Unless you have family members in the US who can sponsor you (and that route takes some time), you have to find a way to support yourself first - and depending on what you do for a living, that can limit you to certain parts of the country.
Cheers,
Bev


----------



## covfan71 (Apr 10, 2008)

Bevdeforges said:


> Given the "challenges" getting an immigrant visa these days, your "ideal place" in the US is just about anywhere you can find the sort of job that will get you the necessary visa. (And that's often not an easy task, either, and will only get more difficult as the world economy crumbles.)
> 
> Unless you have family members in the US who can sponsor you (and that route takes some time), you have to find a way to support yourself first - and depending on what you do for a living, that can limit you to certain parts of the country.
> Cheers,
> Bev


I will hopefully moving out mortage free and will have a £800 a month pension coming in so that is the least of our worries. It's finding an area our kids can grow up in


----------



## Bevdeforges (Nov 16, 2007)

The current poverty threshold for a family of 4 in the US is $21,400 per year. At the current exchange rate of $1.49 to the £ your pension leaves you well under the poverty threshold. And there are no visas for those living on pensions. It's strictly work or family (unless you win the diversity lottery, assuming you're eligible).

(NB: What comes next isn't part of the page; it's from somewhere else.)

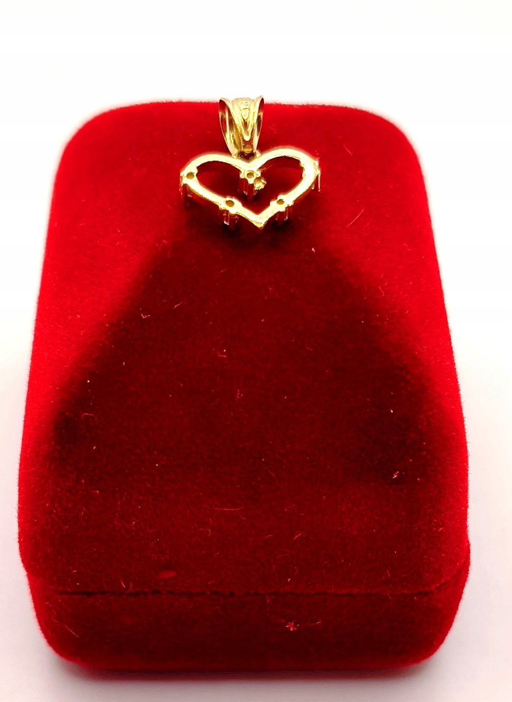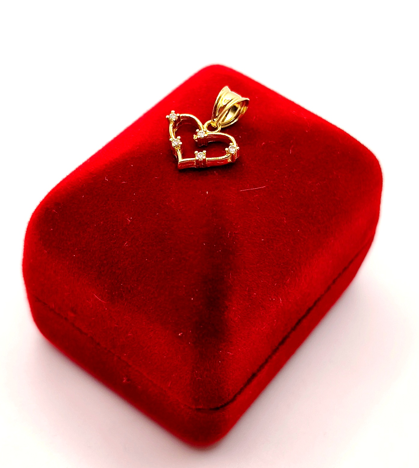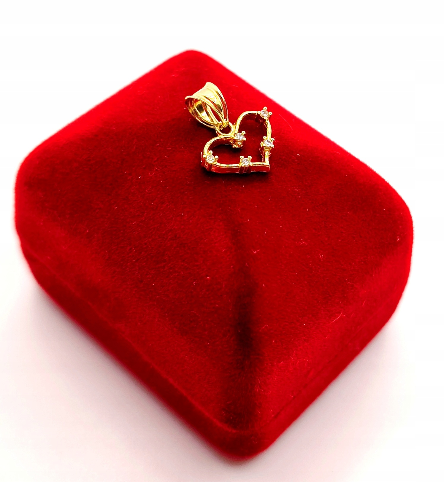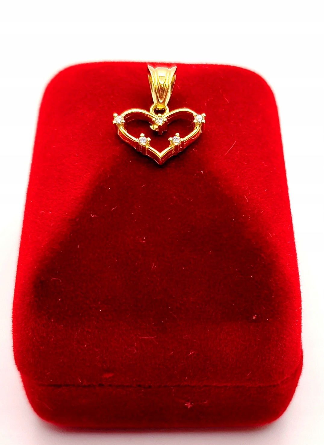 Oferujemy na sprzedaż piękną, złotą zawieszkę w kształcie serca ozdobionego cyrkoniami.

Sorry, I'm not trying to be nasty, but it can be difficult for someone not raised in the US to understand how critically important money is in the States.
Cheers,
Bev


----------



## Fatbrit (May 8, 2008)

covfan71 said:


> Hi everyone,
> 
> apologies if this question has been asked severla times but i couldn't find anything going back a few pages.
> My family and i want to get out of the UK and move to America. The only problem we have is we have no idea where abouts to live. Ideally somewhere warm and where my children will grow up better off than the UK


You've given me nothing to work with. Here's your budget for San Diego -- a wonderful place, assuming all children are unmarried and under 21.
EB5 visa: 0.5M down, $50k in legal and other costs.
Single-family home in nice area of SD: $2.5M
Setting up costs: $50k
So, capital required: $3.1M
Salary required to maintain a family of 4 in SD with a good lifestyle: $200k/yr

And here's your budget for somewhere in rural Oklahoma -- a wonderful place, assuming all children are unmarried and under 21.
EB5 visa: 0.5M down, $50k in legal and other costs.
Single-family home in nice area of rural OK: $250k
Setting up costs: $50k
So, capital required: $0.85M
Salary required to maintain a family of 4 in rural OK with a good lifestyle: $100k/yr

Time line for an EB5 is 1 to 2 years (kids must remain unmarried and under 21 to be on the ticket).

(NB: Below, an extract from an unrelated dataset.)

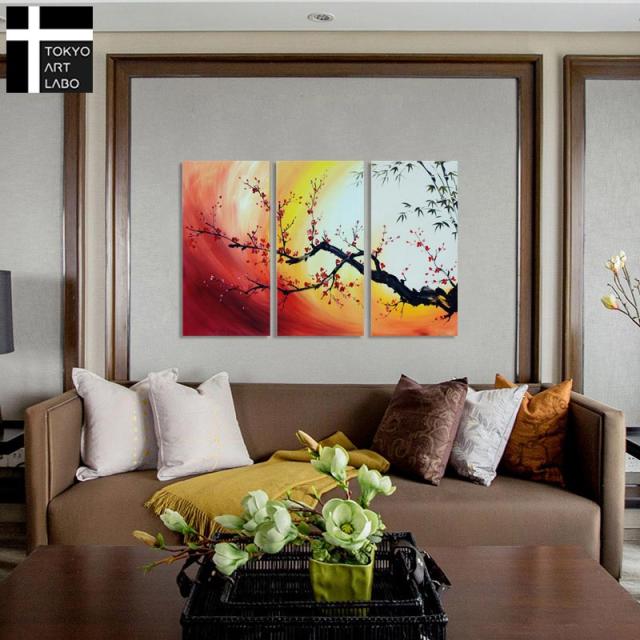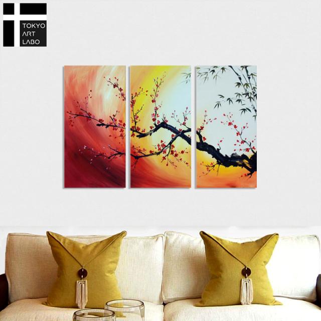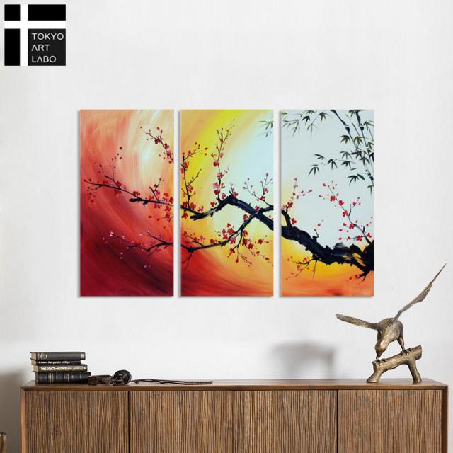 絵画 壁掛け インテリア 梅の絵 花の絵 和モダン アートパネル 油絵 風水 赤 竹梅 紅梅 W120cm 3枚組 油彩画

Do we fit in to your budget?


----------



## covfan71 (Apr 10, 2008)

Fatbrit said:


> You've given me nothing to work with. Here's your budget for San Diego -- a wonderful place, assuming all children are unmarried and under 21.
> EB5 visa: 0.5M down, $50k in legal and other costs.
> Single-family home in nice area of SD: $2.5M
> Setting up costs: $50k
> ...



well i obviously will not be going to San Diego is the average single family home is 2.5 million. What is a EB5 and why does it cost 500,000 in legal costs


----------



## covfan71 (Apr 10, 2008)

Bevdeforges said:


> The current poverty threshold for a family of 4 in the US is $21,400 per year. At the current exchange rate of $1.49 to the £ your pension leaves you well under the poverty threshold. And there are no visas for those living on pensions. It's strictly work or family (unless you win the diversity lottery, assuming you're eligible).
> 
> Sorry, I'm not trying to be nasty, but it can be difficult for someone not raised in the US to understand how critically important money is in the States.
> Cheers,
> Bev


Is that 21,000 just for food and bills then? I will be mortgage free and have my pension as "pocket money" so to speak. I am only 38 so i will be working, as will my wife. I am just trying to get feedback from expats to see what are nice areas to move to


----------



## Fatbrit (May 8, 2008)

covfan71 said:


> well i obviously will not be going to San Diego is the average single family home is 2.5 million. What is a EB5 and why does it cost 500,000 in legal costs


EB5 is the only way you can "buy" yourself into America. The program has 2 separate options: a 1 million USD investment or a 0.5 million USD investment. For the latter, you put your money in and hope to get it out again somewhere down the line. Your cards are conditional -- you have to renew them before the second anniversary. But you are a passive investor in whenever you put your money and do no even need to live in the same state.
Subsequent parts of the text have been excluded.